Imagine you work in the marketing department for a digital retailer. You and your team are creating a personalized email program based on customer personas. You've created the personas and have the marketing emails ready to go. Now you need to create a system that buckets customers into each persona based on retail preferences and spending behavior, even if they're new. You also want to predict their spending habits so you can optimize when to send the emails to maximize engagement.
Because you're a digital retailer, you've got data on your customers and the purchases they've made. But what about new customers? Traditional approaches can calculate these values for existing customers with long purchase histories, but don't do well with customers with little historical data. What if you could create a system to predict these values and increase the speed at which you deliver personalized marketing programs to customers?
Fortunately, machine learning and AutoML Tables is well positioned to solve these problems. This guide walks you through how AutoML Tables works and the kinds of problems it's designed to solve.
How does AutoML Tables work?
AutoML Tables is a supervised learning service. This means that you train a machine learning model with example data. AutoML Tables uses tabular (structured) data to train a machine learning model to make predictions on new data.
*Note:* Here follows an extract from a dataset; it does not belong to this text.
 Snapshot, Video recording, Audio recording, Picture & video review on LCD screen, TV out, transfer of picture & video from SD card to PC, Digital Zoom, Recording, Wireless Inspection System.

One column from your dataset, called the target, is what your model will learn to predict. Some number of the other data columns are inputs (called features) that the model will learn patterns from. You can use the same input features to build multiple kinds of models just by changing the target. From the email marketing example, this means you could build two models with the same input features: One model could predict a customer's persona (a categorical target), and one could predict their monthly spending (a numerical target).
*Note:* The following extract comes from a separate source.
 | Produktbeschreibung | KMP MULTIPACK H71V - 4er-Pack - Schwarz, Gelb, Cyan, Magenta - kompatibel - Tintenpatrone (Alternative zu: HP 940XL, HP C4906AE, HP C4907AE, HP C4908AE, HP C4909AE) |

The AutoML Tables workflow
AutoML Tables uses a standard machine learning workflow:
- Gather your data: Determine the data you need for training and testing your model based on the outcome you want to achieve
- Prepare your data: Make sure your data is properly formatted before and after data import
- Train: Set parameters and build your model
- Evaluate: Review model metrics
- Test: Try your model on test data
- Deploy and predict: Make your model available to use
But before you start gathering your data, you'll want to think about the problem you're trying to solve, which will inform your data requirements.
Consider your use case
Start with your problem: What is the outcome you want to achieve? What kind of data is the target column? How much data do you have access to?
Depending on yours answers, AutoML Tables will create the necessary model to solve your use case:
A binary classification model predicts a binary outcome (one of two classes). Use this for yes or no questions, for example, predicting whether a customer would buy a subscription (or not). All else being equal, a binary classification problem requires less data than other model types.
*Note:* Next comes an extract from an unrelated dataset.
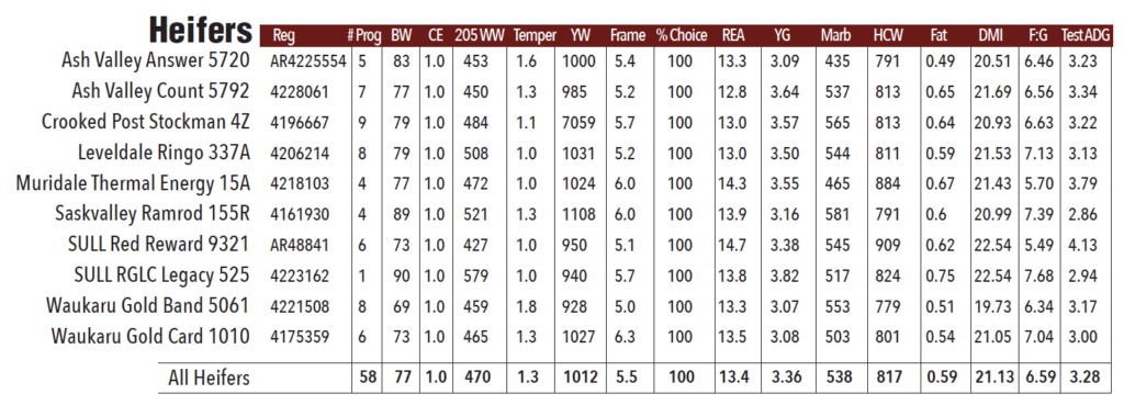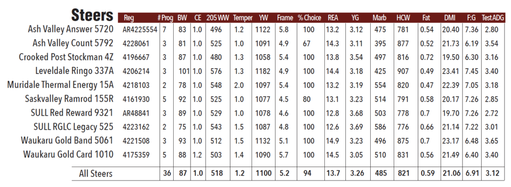 On the next page, you will find a table comparing the data for the NST heifers and steers separately. With each bull not having equal numbers of male and female progeny, it’s not a fair comparison to lump all offspring together. Like always, I prefer to let you as breeders draw your own conclusions from the data rather than tell you what should be important. Nobody knows your operation better than you and what you want to emphasize in your breeding program. From studying the data in general terms, there are a few “big picture” points I would like to touch on.

A multi-class classification model predicts one class from three or more discrete classes. Use this to categorize things. For the retail example, you'd want to build a multi-class classification model to segment customers into different personas.
A regression model predicts a continuous value. For the retail example, you'd also want to build a regression model to forecast customer spending over the next month.
AutoML Tables will automatically define your problem and model to build based on the data type of your target column. So if your target column contains numerical data, then AutoML Tables will build a regression model. If your target column is categorical data, AutoML Tables will detect the number of classes and determine if you need to build a binary or multi-class model.
A note about fairness
Fairness is one of Google's responsible AI practices. The goal of fairness is to understand and prevent unjust or prejudicial treatment to people based on race, income, sexual orientation, religion, gender, and other characteristics historically associated with discrimination and marginalization, when and where they manifest in algorithmic systems or algorithmically aided decision-making. As you read this guide, you'll see "Fair-aware" notes that talk more about how to create a fairer machine learning model. Learn more
Gather your data
After you've established your use case, you'll need to gather data to train your model. Data sourcing and preparation are critical steps for building a machine learning model. The data you have available will inform the kind of problems you can solve. How much data do you have available? Are your data relevant to the questions you're trying to answer? While gathering your data, keep in mind the following key considerations.
Select relevant features
A feature is an input attribute used for model training. Features are how your model identifies patterns to make predictions, so they need to be relevant to your problem. For example, to build a model that predicts whether a credit card transaction is fraudulent or not, you'll need to build a dataset that contains transaction details like the buyer, seller, amount, date and time, and items purchased. Other helpful features could be historic information about the buyer and seller, and how often the item purchased has been involved in fraud. What other features might be relevant?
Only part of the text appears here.